The European Union has been recording a growing trade surplus with itself and a trade surplus with the rest of the world. It experienced a trade surplus in its current account amounting to about 1.2% of its GDP. 12 of its members had a goods surplus while 23 members had a services surplus in relation to the rest of the world. The European Union generally records a capital account deficit as it transfers its financial assets to the rest of the world and the countries that contributed to the large capital account deficit are the United Kingdom and Ireland. The financial account also recorded a surplus with 19 members regarded as net lenders and 9members regarded as net borrowers to the world. As such the balance of payments account of the European Union indicates that the union is in a position of economic growth marked by surpluses in its current and financial accounts.

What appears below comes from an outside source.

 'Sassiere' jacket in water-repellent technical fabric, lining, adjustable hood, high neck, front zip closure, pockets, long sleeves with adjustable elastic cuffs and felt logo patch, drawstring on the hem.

After the 2007-2008 financial and economic crisis, the European Union launched and put in place new policies and proposals to boost its economic recovery (Balance of Payments Statistics-Statistics Explained 2019). This trend of E.U. experiencing trade surpluses with a favorable balance of payments is expected to continue into the future given the measures European Union has put in place. The E.U. has put up trade policies that include: trade agreements with other countries who are not part of the E.U. to open up new markets which will lead to increased trade opportunities for the E.U. companies, trade regulations that protect E.U. producers from unhealthy and unfair competition, E.U. countries are members of both the World Trade Organization (W.T.O), which puts up international trade rules, and European Commission which negotiates on its behalf. The main aim of these trade policies is to encourage sustainable development.
The European Union also made trade agreements with non E.U. countries aimed at ensuring better opportunities for trade, reducing barriers to trade and ensuring investment (European Parliament, Making the most of globalization: EU trade policy explained, 2019).Additionally, the E.U. has also put in place rules that protect their companies against unfair trade practices such as dumping and subsidies that make prices of European products artificially higher than that of non E.U. products.

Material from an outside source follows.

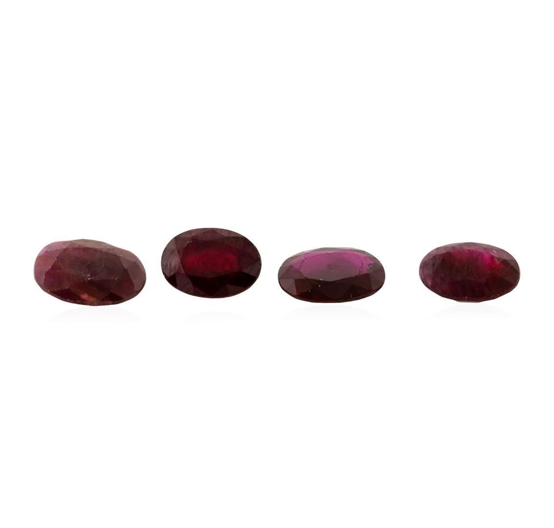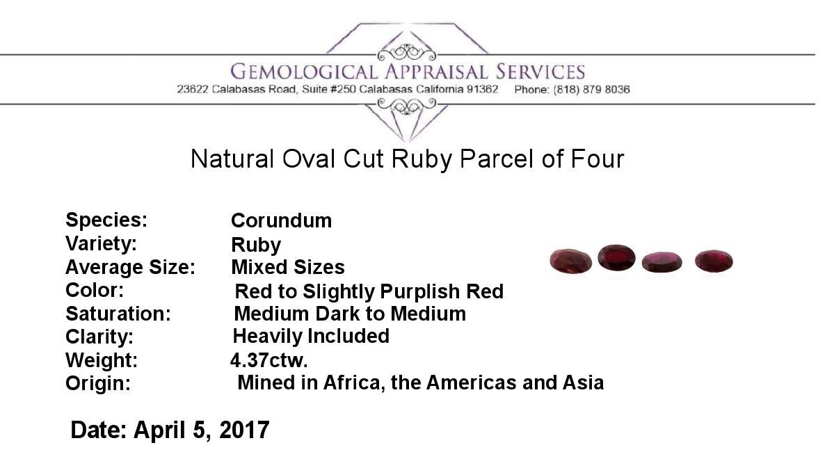 One natural oval cut ruby parcel of four with an exact weight of 4.37ctw., clarity is heavily included, red to slightly purplish red, medium dark to medium. Gemological Appraisals Services estimates the retail value at $874 GAS Appraised.

It is paramount to mention that these measures have helped establish and solidify the E.U. as an important block globally in the world trade. Therefore, the recent observed trends of growing trade deficits and favorable balance of payments for the E.U. should be expected to continue into the future.
The United States on the other hand, has been able to safely run persistent external deficits for a long period of time and this has to do with its currency holding the status of being the world’s reserve currency. The dollar provides the rest of the world with liquidity and it is globally used as a safe storage of assets. Therefore, the United States holds a special place in the global economy.

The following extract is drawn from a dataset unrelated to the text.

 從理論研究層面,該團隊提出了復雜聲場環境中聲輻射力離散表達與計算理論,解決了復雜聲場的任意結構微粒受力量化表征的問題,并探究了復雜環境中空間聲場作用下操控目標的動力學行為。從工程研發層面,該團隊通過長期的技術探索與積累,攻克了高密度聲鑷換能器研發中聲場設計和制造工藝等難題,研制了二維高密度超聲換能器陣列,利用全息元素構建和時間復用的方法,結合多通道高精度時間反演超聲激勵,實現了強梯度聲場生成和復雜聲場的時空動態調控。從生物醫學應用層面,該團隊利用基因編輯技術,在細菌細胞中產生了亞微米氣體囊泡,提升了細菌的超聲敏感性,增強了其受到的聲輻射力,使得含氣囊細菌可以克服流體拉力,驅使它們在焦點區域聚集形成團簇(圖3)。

When the US imports good and invests in other countries, it pays in dollars. The other countries in turn purchase US’ exports and invest in the US with some the dollars received and keep the rest. If the other countries were to use all the dollars they received then the US would have no trade deficit. As long as growth in the US is slower than that of the rest of the countries in the world, the demand for its currency increases. It will have to either borrow more and more to finance its purchases or sell more of its assets (Guilford, Purtill 2018).Therefore, there is a tradeoff between running external deficits and being a reserve currency. The US must therefore always run persistent external deficits to ensure that the global financial system and trade has enough supply of dollars or give up its currency’s position of being a reserve currency to avoid running an external deficit. The running of a persistent external deficit by the US can therefore be termed as being structural in nature.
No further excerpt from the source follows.